All the patients with a probability exceeding 0.6 (n= 4/17) having a mean F_EP score of 25.7 and an F_EDSS over 2.0 reached the threshold in a variable time span ranging from 1 to 20 years. On the other hand, patients with a probability lower than 0.4 (n= 10/17) and a mean F_EP score of 1.4 did not reach the threshold within a 16 years period; five of them had not reached EDSS 2.0 at the time of L_EDSS assessment, while the others had a mean TT2 of 4.2 years.
Finally, a non parametric bootstrap analysis was carried out to validate the model using the Bias Corrected and Accelerated (BCA) method in order to estimate the 95% bootstrap confidence interval for each variable (EP score CI= 0.04 to 0.15 ; TT2 CI= −0.13 to −0.29). Given that the diagnostic criteria for bootstrap analysis were fully met (low differences between predicted and observed regressors coefficients and standard errors, Gaussian shape of the bootstrap distribution), we interpreted these results as consistent with a successful prospective validation of the model.
Discussion
The retrospective part of this study aimed to build up and evaluate a model combining neurophysiologic and clinical evaluations to obtain a reliable prediction of the progression of disability in MS patients with particular attention to the role of evoked potentials. A summary score considering both abnormalities of latencies as well as of morphology and of amplitude symmetry of the principal EP components
[4] was utilized as input in the analyses to assess the prognostic value of EPs. Since none of the recent works have compared the different EP score systems which have been proposed in the last decade, consistent with a previous work of our group
[8], we chose the scoring system preserving most of the EP information
[4]. The latter allows a maximum of 6 points for each side and for any of 5 EP modalities, as opposed to only 4 points in Leocani et al.

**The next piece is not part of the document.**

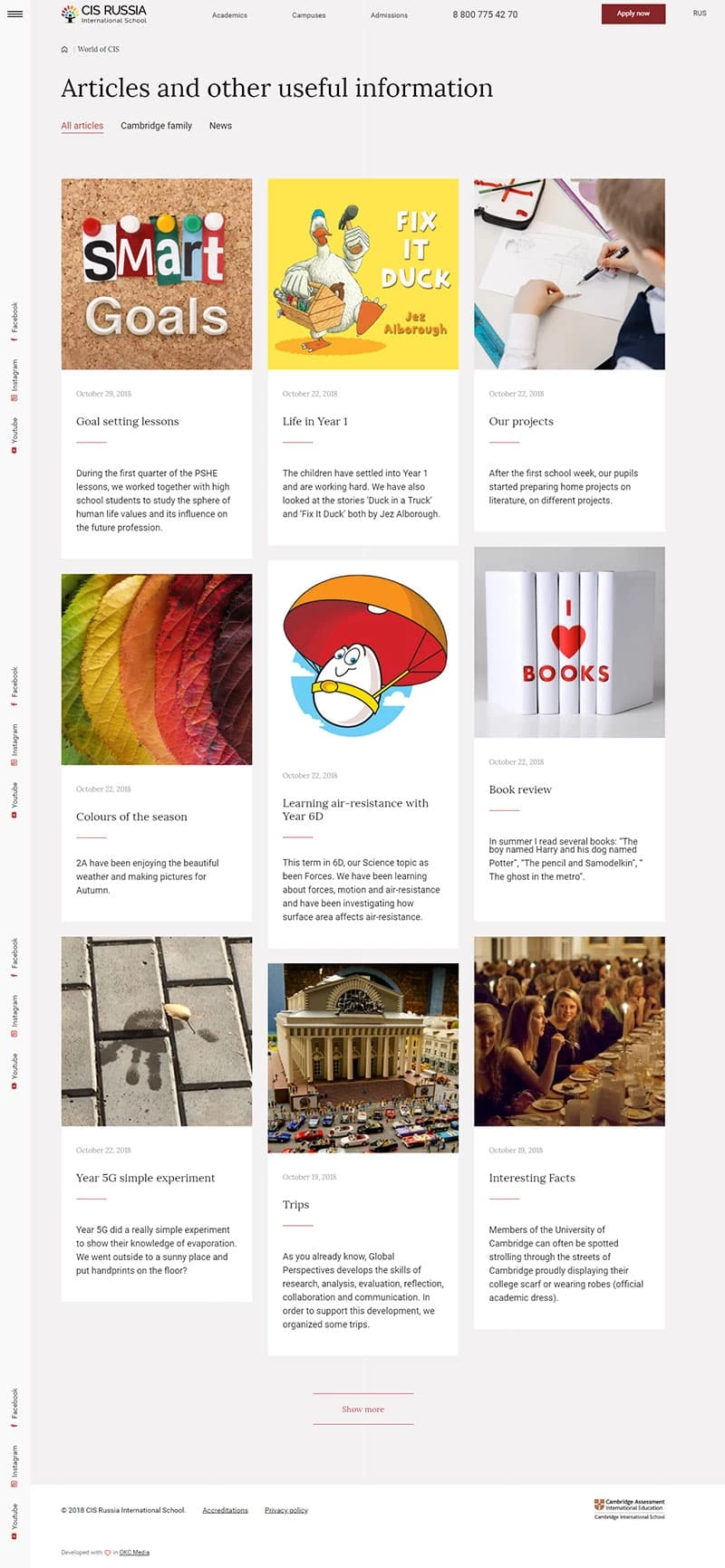 Поэтому мы предложили преобразовать несколько сухой раздел Новости в «Мир CIS», раздел, который отражает тот яркий и насыщенный мир в котором живет школа. В нем публикуются не только новости, но вдохновляющая, интересная информация для родителей будущих и настоящих учеников.

[3] and 3 in Kallman et al.
[2].
At FNE, our patients showed a correlation between EP score and EDSS which was lower compared to that reported by Invernizzi et al., Leocani et al., and Kallman et al.’s group 2
[2, 3, 5], but greater than that reported by Jung et al. and Kallman et al.’s group 1
[2, 4]. As shown in Figure
6, this apparent inconsistency is likely due to two important factors. First, the correlation between EDSS and EP score depends on the severity of disability already present at FNE insofar as the correlation tends to increase as disability builds up (Figure
6, from
1 to
6). As already suggested by Leocani et al.
[3], this is a pattern toward a ceiling effect that results from the inclusion of subjects with more severe disability and a progressive disease course.
Second, disease duration also impacts the degree of clinical disability and, consequently, the correlation between clinical and subclinical measures. This is clearly shown in Figure
6 (xaxis) where the correlation between EDSS and EP score tends to grow as the disease duration increases because so does the F_EDSS. The effect of the disease duration showed up more clearly when we analyzed the correlation between F_EP score and F_EDSS after dividing our sample by the median value of F_EDSS (Table
2). The correlation was statistically significant only in the higher F_EDSS subgroup. In contrast to Invernizzi et al.
[5], this finding suggests that the difference in disease duration between the 2 subgroups thus identified (3.7 yrs, 5.9 yrs; p=0.005) was decisive. Moreover, when we stratified by the time from the first symptom to FNE, only patients assessed more than 6 years after disease onset showed a moderate correlation (ρ=0.47) between the F_EP score and F_EDSS, while at the last followup the correlations increased approximately to the same extent also in the two remaining subgroups. These findings are in line with Kallmann et al.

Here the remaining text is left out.